TASK REQUIREMENTS
With the pictures omitted, print exactly the lines below, from the one containing "Für die Schrift" through the one containing "除了智能锁的质量问题,客服的拖延推诿等售后服务差也是不少消费者诟病的方面。", and nothing else.

EXTRACTED RECORDS
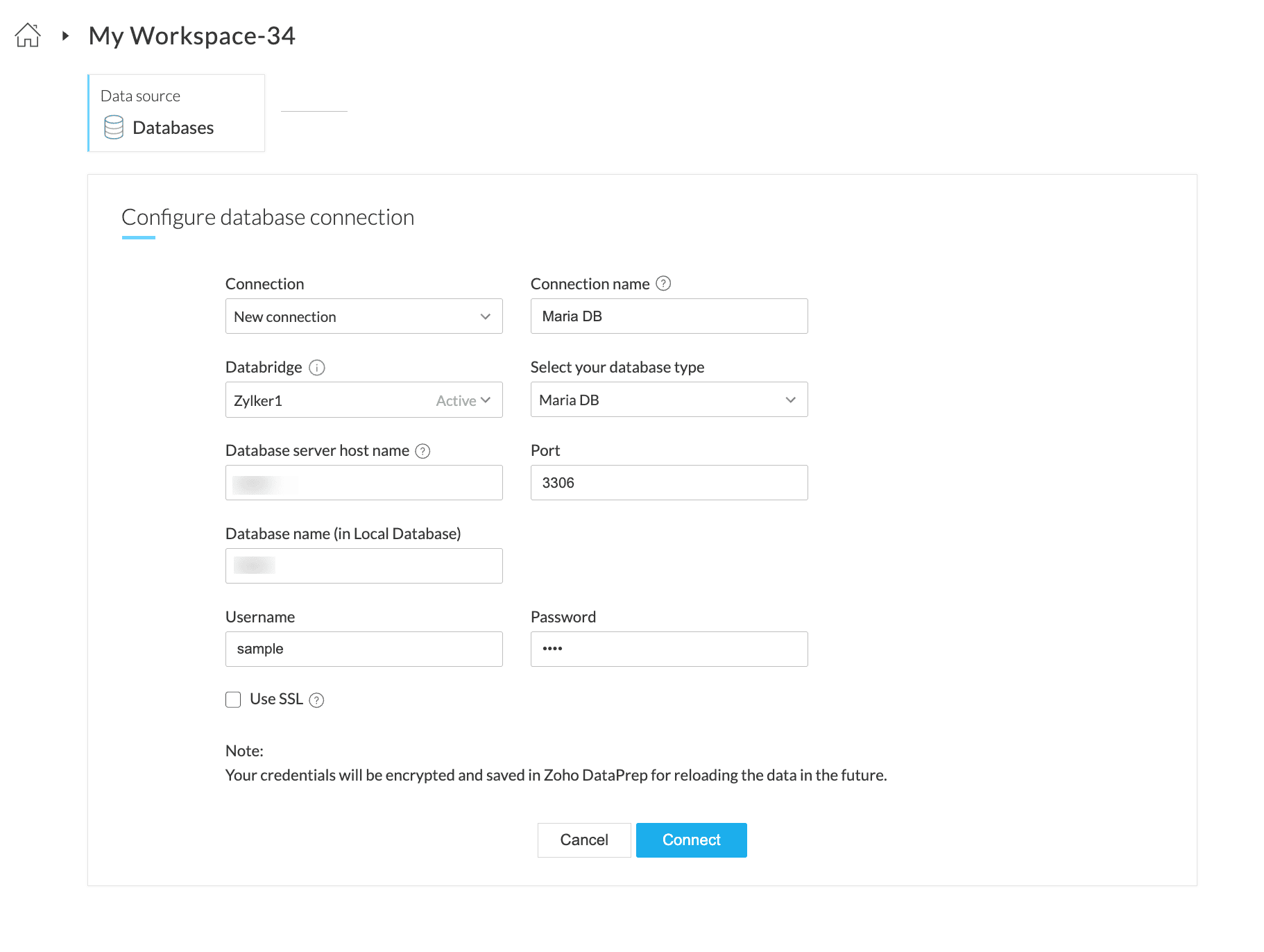 2. データベースへの正しいログイン認証情報をお持ちであることをご確認ください。ベストプラクティスとして、対象のデータベース管理ソフトウェア(各データベースに対応したもの)を利用し、Zoho DataPrep サーバーから対象データベースへの接続をお試しください。
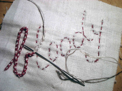 Für die Schrift benutze ich verschiedene einfache Stiche. Mit Kreidestift schreibe ich die Namen in meiner Handschrift vor, unregelmäßig. Dann nähe ich mit kleinen Vorstichen die Kontur und sticke dann mit Schling-oder Kettstich diese Kontur nach.
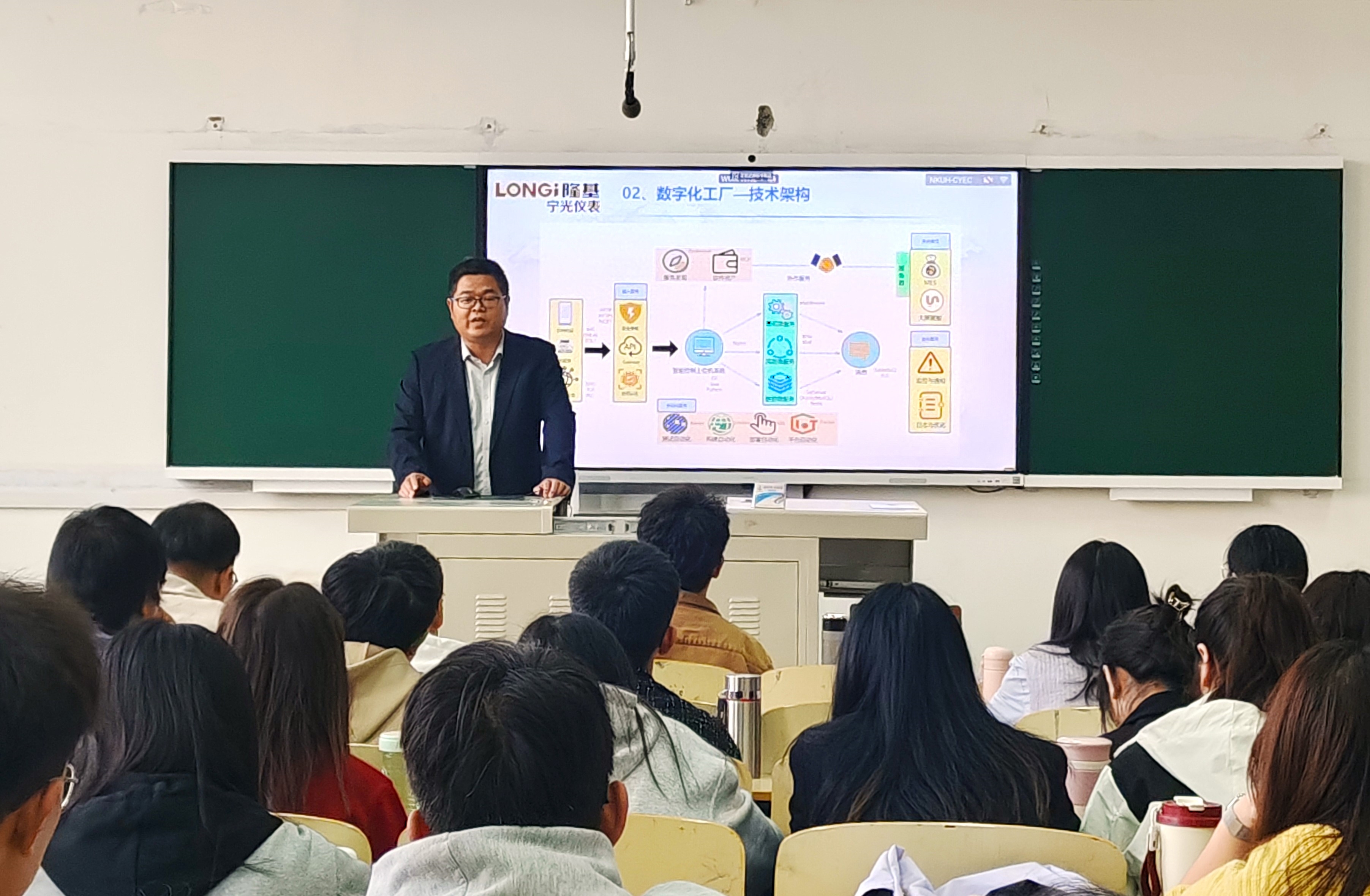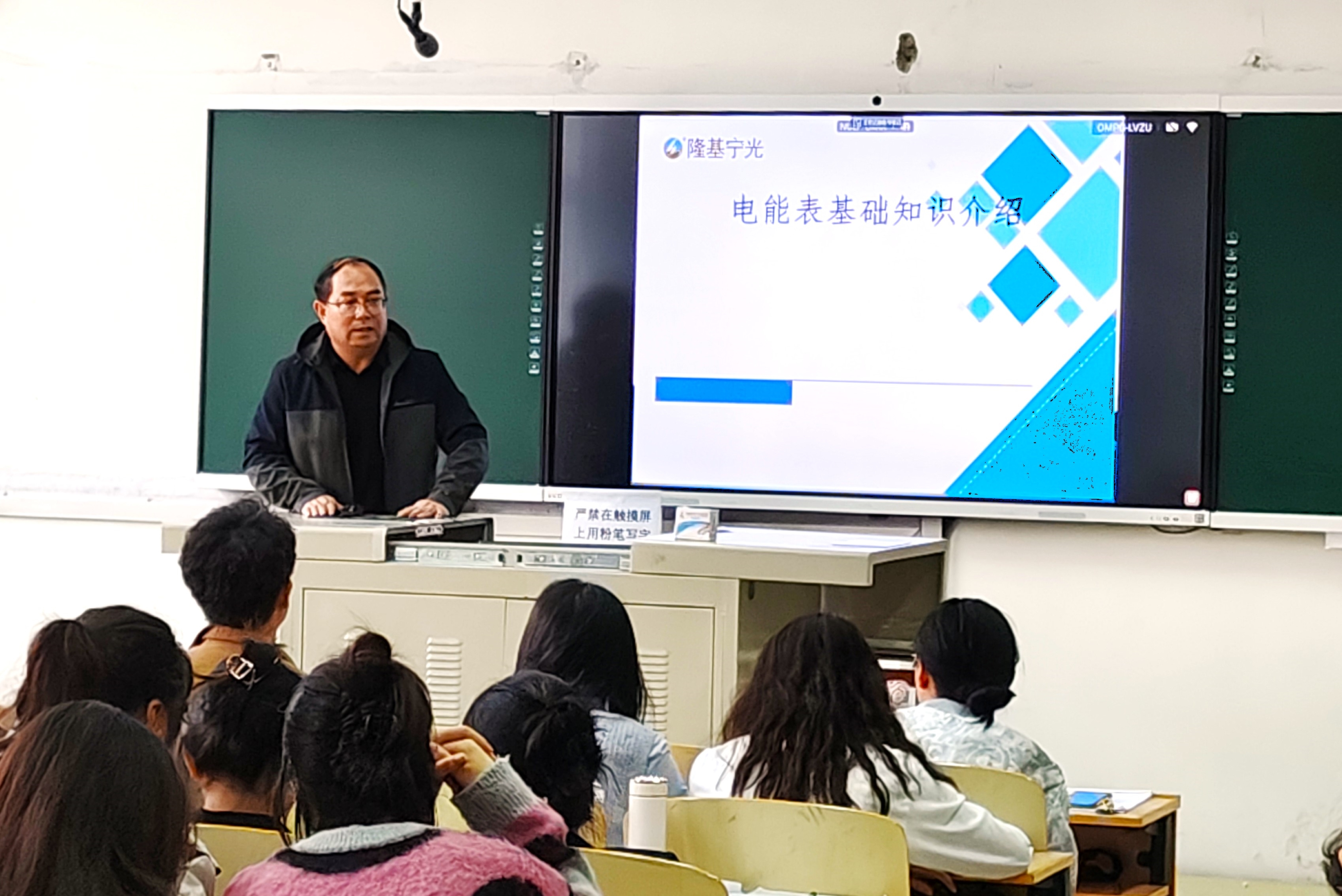 隆基宁光高级工程师武晓勇以电能表为例,对电能表的相关定义、基本组件、功能特点等进行了详细讲解。他讲到,出,随着科技的发展,智能电能表具备了实时数据传输、用户管理等功能,做到了“比电脑还复杂”。电能表制造商和相关企业需要加强技术研发、提升产品质量,以适应未来市场需求的变化。他鼓励同学们去隆基宁光参观,切身体验理论在企业中的应用。
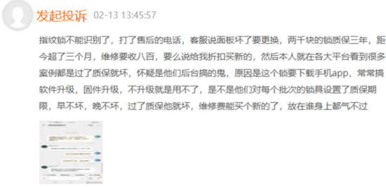 除了智能锁的质量问题,客服的拖延推诿等售后服务差也是不少消费者诟病的方面。
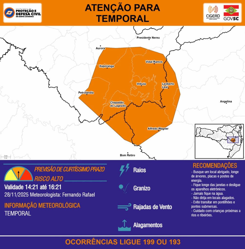 ATENÇÃO – 28/11 14:21 – TEMPORAL com RAIOS, GRANIZO, RAJADAS DE VENTO e ALAGAMENTOS para os municípios de Alfredo Wagner, Angelina, Aurora, Bom Retiro, Chapadão do Lageado, Imbuia, Ituporanga, Leoberto Leal, Petrolândia, Presidente Nereu e Vidal Ramos nas próximas 2 horas. Ocorrências ligue 199 ou 193.
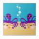 Purple Fun Groovy Octopus Cartoon Art Ceramic Tile
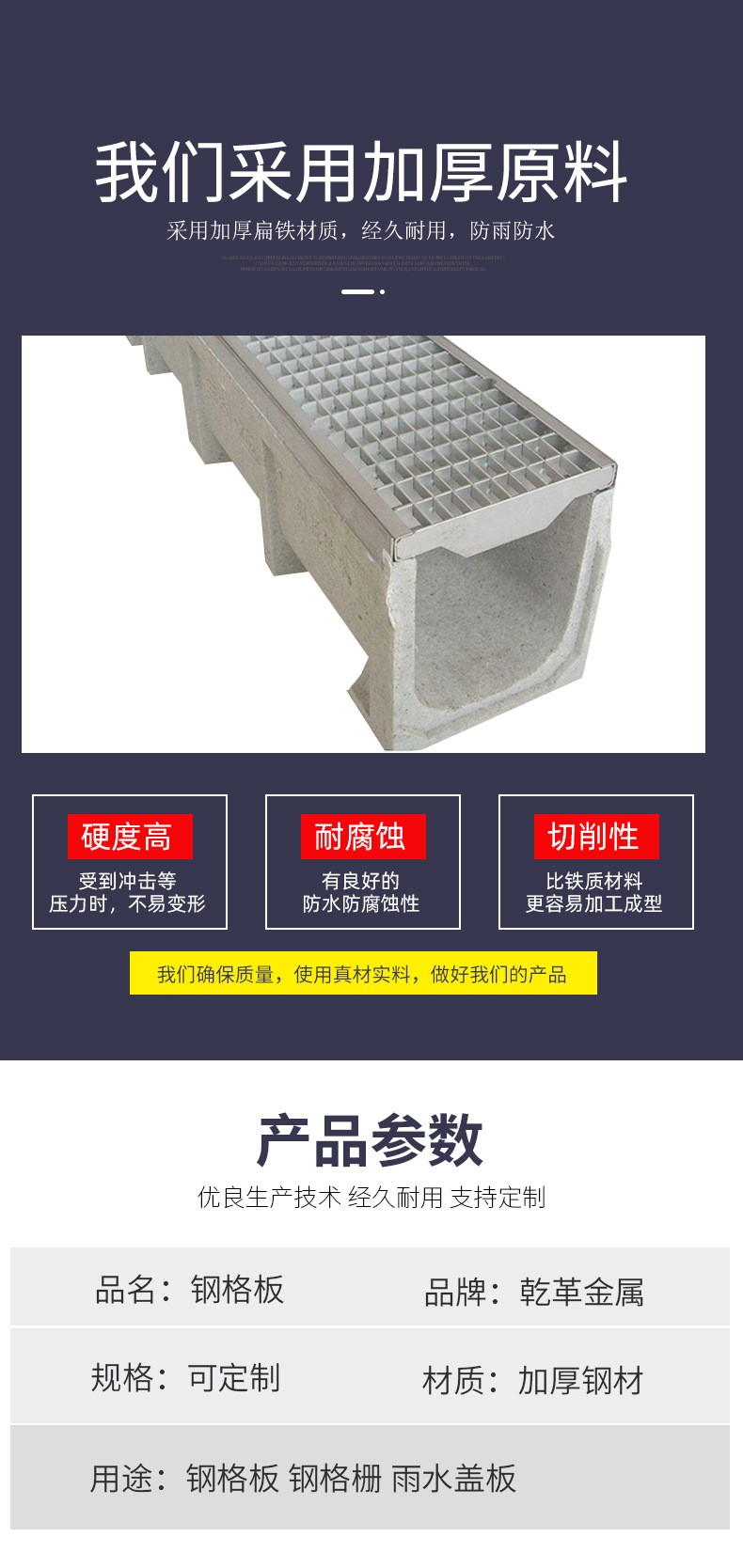 上海乾革金屬制品有限公司位于上海市松江區(qū)(詳情請咨詢18964233255)。我公司是一家集科研、生產(chǎn)、商貿(mào)于一體的大型絲網(wǎng)企業(yè)。公司主要生產(chǎn)銷售的產(chǎn)品有:玻璃鋼格柵、鍍鋅鋼格板、熱鍍鋅鋼格板、平臺鋼格板、互插鋼格板、溝蓋板、踏步板、地溝蓋板、不銹鋼井蓋、不銹鋼線性排水溝、樹脂排水溝、不銹鋼格柵、不銹鋼溝蓋板以及雨水篦子等;

TASK RESPONSE
 Für die Schrift benutze ich verschiedene einfache Stiche. Mit Kreidestift schreibe ich die Namen in meiner Handschrift vor, unregelmäßig. Dann nähe ich mit kleinen Vorstichen die Kontur und sticke dann mit Schling-oder Kettstich diese Kontur nach.
 隆基宁光高级工程师武晓勇以电能表为例,对电能表的相关定义、基本组件、功能特点等进行了详细讲解。他讲到,出,随着科技的发展,智能电能表具备了实时数据传输、用户管理等功能,做到了“比电脑还复杂”。电能表制造商和相关企业需要加强技术研发、提升产品质量,以适应未来市场需求的变化。他鼓励同学们去隆基宁光参观,切身体验理论在企业中的应用。
 除了智能锁的质量问题,客服的拖延推诿等售后服务差也是不少消费者诟病的方面。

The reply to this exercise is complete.